Major ironic fact about Japan #2 (#1 was the train suicides): There are no trash cans ANYWHERE except the places stated above yet there is no litter. It blows my mind. I often find myself stuffing trash in bag and waiting until I pass a conbini, because I know there won't be a trash can anytime soon. I think the major difference is that here it's considered rude to eat while you are walking, so there are less people eating McDonald's while walking to school and throwing their trash on your lawn (that's for you Burroughs High School students, we really appreciate it). If you don't have trash, you won't have anything to litter with...

Major ironic fact about Japan #3: Japan is home to the most innovative, most over-the-top toilets YET at least half of the bathrooms will have a western style toilet and a traditional, smelly, dirty, gross, hurts your knees hole-in-the-ground toilet.

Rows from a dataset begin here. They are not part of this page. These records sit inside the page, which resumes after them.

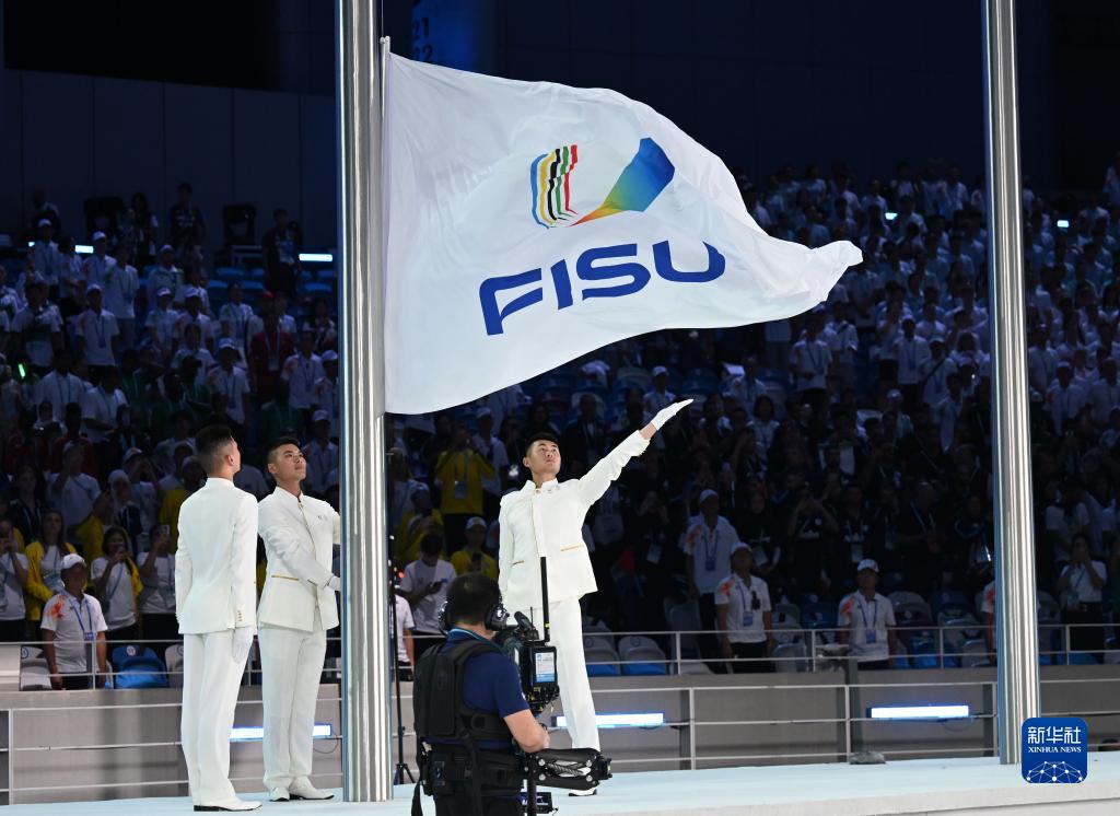 7月28日,國際大學(xué)生體育聯(lián)合會(huì )會(huì )旗在開(kāi)幕式上升起。
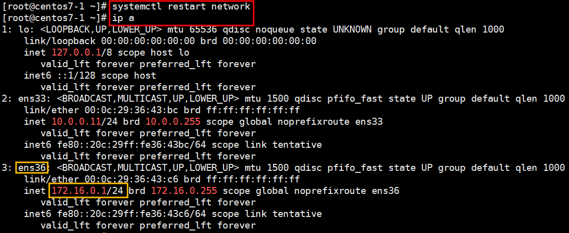 # cp /etc/sysconfig/network-scripts/ifcfg-ens33 /etc/sysconfig/network-scripts/ifcfg-ens36
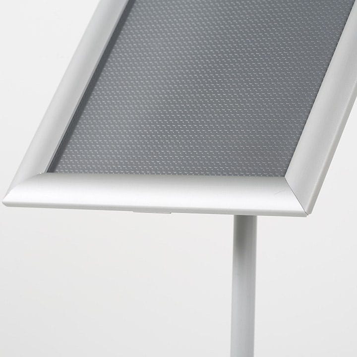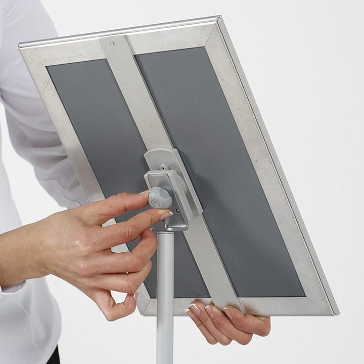Der Bilderrahmen des Infoständers wurde im klassischen Alu Klapprahmen Design gestaltet. Neben seiner Stabilität ermöglicht dieser Rahmen ein müheloses Auswechseln der Inhalte, was die Aktualisierung Ihrer Informationen schnell und unkompliziert macht.
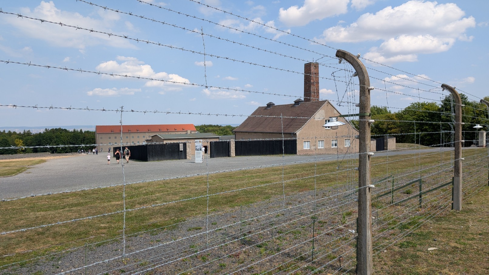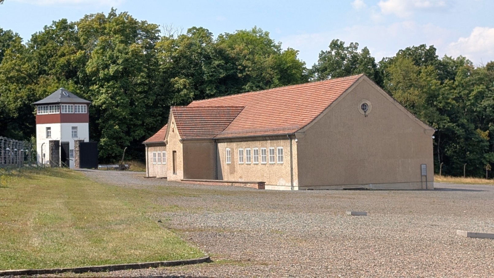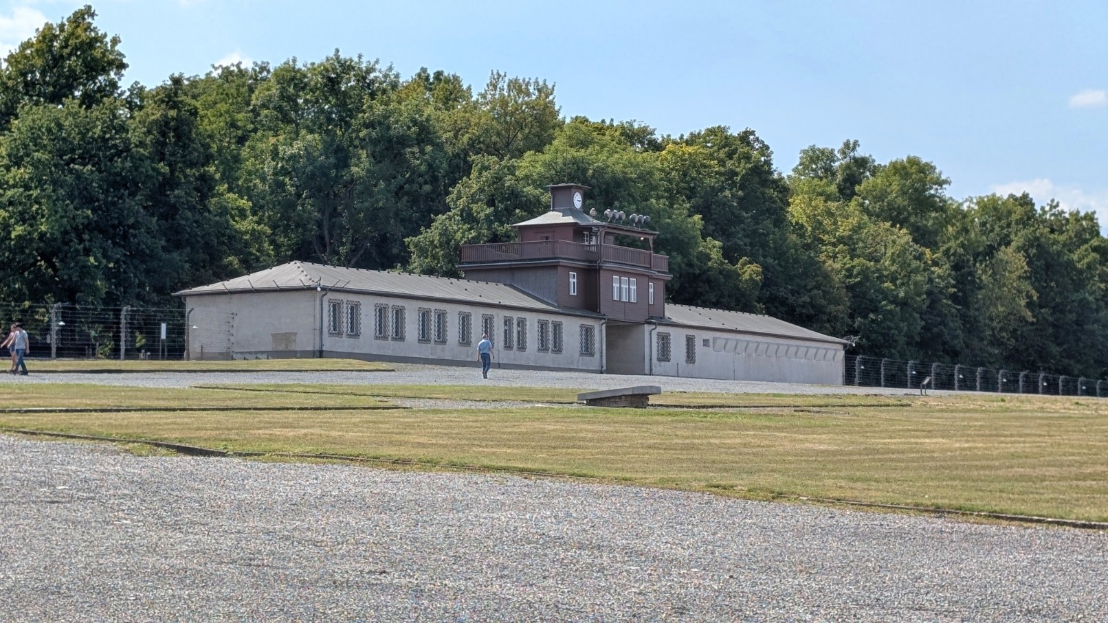 Das gesamte Lager war von einem rund drei Kilometer langen, elektrisch geladenen Stacheldrahtzaun umschlossen, der jede Flucht nahezu unmöglich machte. Im Abstand von jeweils etwa 100 Metern erhoben sich 23 massive Wachtürme, von denen aus SS-Wachposten das Gelände rund um die Uhr überwachten. Die Türme waren mit Maschinengewehren und Suchscheinwerfern ausgestattet, sodass der gesamte Lagerbereich permanent unter Feuer genommen werden konnte. Zusammen mit den Sperrzonen und dem Zaun bildeten sie ein lückenloses Sicherungssystem – Sinnbild für die totale Kontrolle und permanente Bedrohung, die den Alltag der Häftlinge prägte.
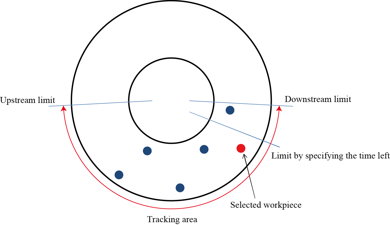 To prevent this error in advance, specify the time left to downstream limit with TrackTargetPos and do not select the workpiece that is close to the downstream limit as an object workpiece. (This function is available in Ver.2.3.* or higher.)
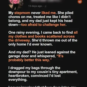 Standing next to him was my stepmom, Rina, her face twisted in anger. I almost didn’t open the door, but I wanted answers.
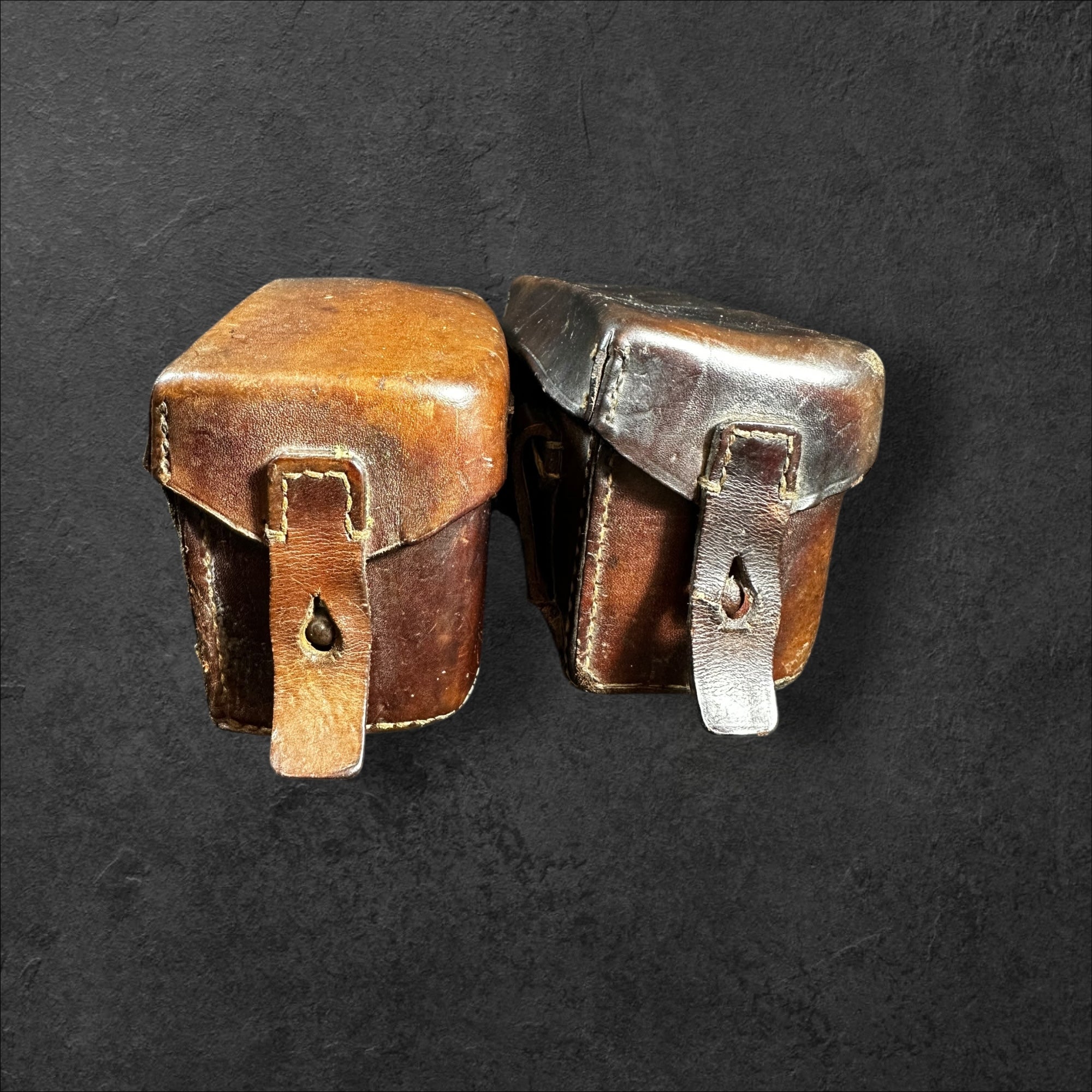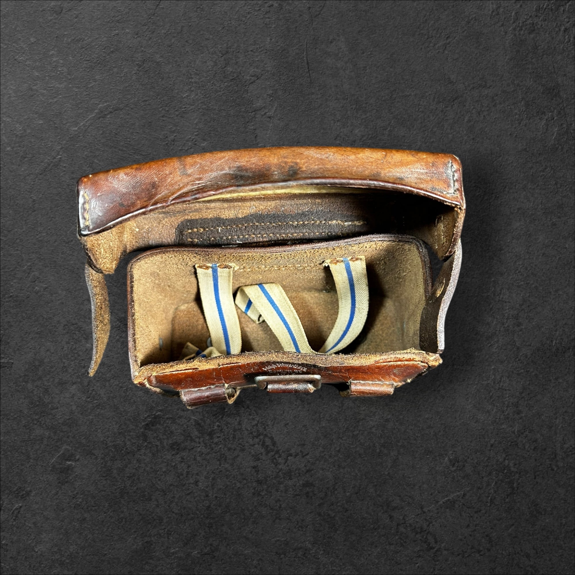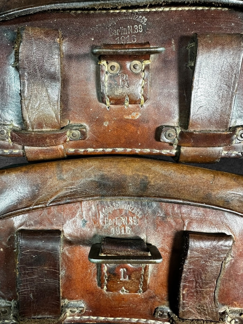Ein sehr selten zu findendes Paar Sanitätstaschen in leicht getragenen Zustand. Die Stücke paarig und beide vom Hersteller Adolph Schwartz &Co, Berlin N.39, 1916. Zusätzlich mit "L" und "R" gekennzeichnet. Komplett mit Packzettel und Innenleben
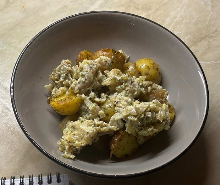 Добрый день мои друзья! недавно у меня появился казан-вок и я начинаю обучаться как работать с этой штукой, раньше у меня был опыт только с казаном на уличном гриле, дома только начинаю постигать азы, но сразу делаю что то более оригинальное чем плов, хотя рецепт плова, я думаю скоро тоже здесь будет, и так, на сегодня у нас рыбка в сливках: Сразу оговорюсь, тут будет рецепт только рыбы, рецепт картошки, что я делал на гарнир ранее уже описывал в этом рецепте: Кордон Блю с жаренным "Бэби"-Картофелем. Что нам потребуется: Филе белой рыбы: ~750гр - В этот раз взял пангасиуса, дешево, сердито, хорошо держит форму после разморозки, вы берите вашу любимую главное что бы не "рассопливывалась" как например зубатка. Лук: 1шт большого и парочку поменьше - можно взять шалот, но в этот раз в магазине не было. Мука: 150гр - для последующего обваливания рыбки. Сливки 20%: 200мл Чеснок: примерно пол головки зубьями - как всегда регулируйте по своей любви к нему. Сушенные укроп и петрушка: по столово
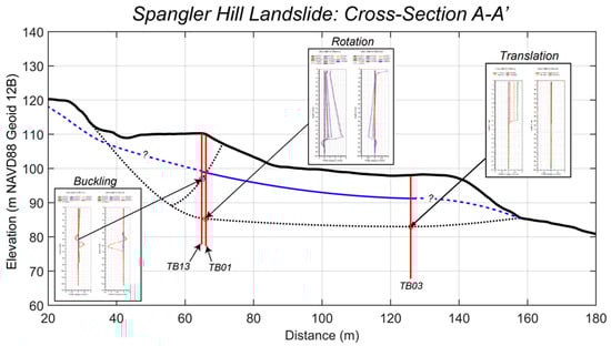 Inferred cross-sectional geometry of landslide mass from inclinometer readings and change analysis. On the left, buckling may be observed in the subsurface deformation profile measured from inclinometer TB13, coinciding with measured subsidence observed from change analysis of DEMs, which reflects a decrease in elevation. On the right, translation is observed in the subsurface soil profile, reflected in limited change on the bench between relative landslide distance of 80 and 140 m, but measured surficial accretion from change analysis of DEMs between approximately 140 and 160 m of relative landslide distance. Change analysis of DEMs conceptually demonstrates similar kinematics of landslide movement observed in subsurface monitoring of the landslide mass and helps supplement the relatively sparse in-situ monitoring sensors.
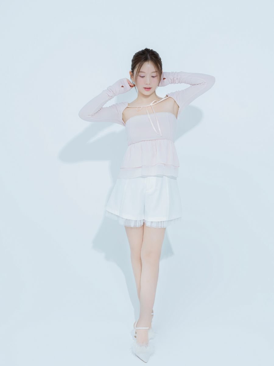 ボレロ&ベアトップ¥13,310(ハナ コリア〈ノットユアローズ〉)パンツ¥9,900(バロックジャパンリミテッド〈リエンダ〉)シューズ¥10,890(RANDA)右耳イヤーカフ¥13,200・左耳イヤーカフ¥11,000・右手フィンガーリング¥22,000(ete)左手リング¥79,200(ヴイエー ヴァンドーム青山 有楽町マルイ店〈ヴイエー ヴァンドーム青山〉)
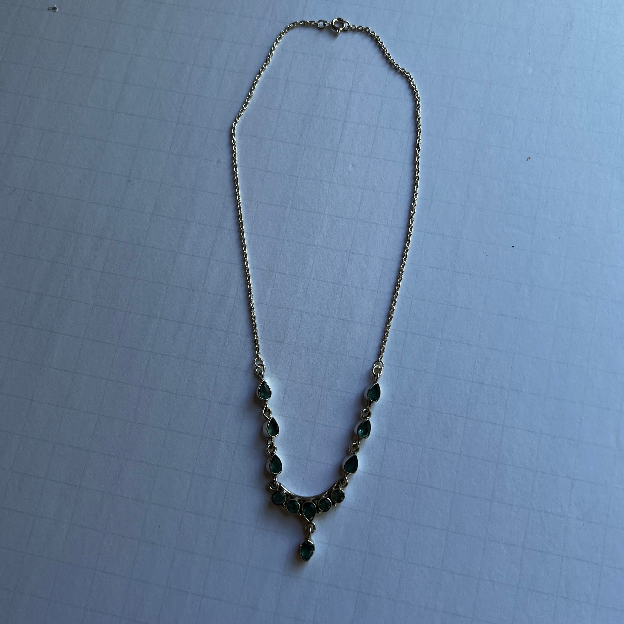 Apatite necklace. Delicate faceted pear-shaped stones on sterling chain. Balance and centering. Sterling silver. 16" chain.
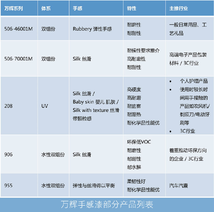 萬輝的手感漆,施工性穩定,并根據客戶不同需求研發出了多種量身訂制種類,如配合環保方面可以符合玩具產品需求、普通平價產品的需求、具有一定抗回粘性及耐磨性需求、綜合性能優異的需求等;同時在手感觸摸體驗上也做出了不同的體驗效果,如手感爽滑觸感、高彈性觸感、嬰兒般皮膚爽滑觸感等;在視覺上,手感漆本為透明無色,萬輝產品手感漆可配合客戶需求噴涂一個有色底漆以提高視覺效果;在技術上,萬輝技術研發人員仍在不斷研發測試及創新,目前已有2kPU、WB2kPU、UV等產品體系,適應客戶不同的環境施工需求。

I don't understand. And it's not like people always choose the western style first either, there are people out there who prefer squatting. Granted not all wester toilets have heated seats and different functions, some are as plain as in the US, but still.... you're not doing your business in a hole in the ground... And they ALWAYS smell, even if it looks clean, it's going to smell terrible, guaranteed . This isn't just in little restaurants or the like either, this in the lobby of a pretty nice hotel, or a pretty new shopping center. Blows my mind.

Golden Week:
Urawa Reds Soccer game: Awesome. The game was great, our seats were great, even though they were the nosebleeds I still felt close. Ryu's senpai from his club team, a 17 year old, number 24, played which was cool. I bought a sweet Abe shirt in youth large so it was cheaper, and a fake Torres jersey outside for $10. Reds scored in stoppage time in the second half to win the game. Legit. I can't wait until the next one.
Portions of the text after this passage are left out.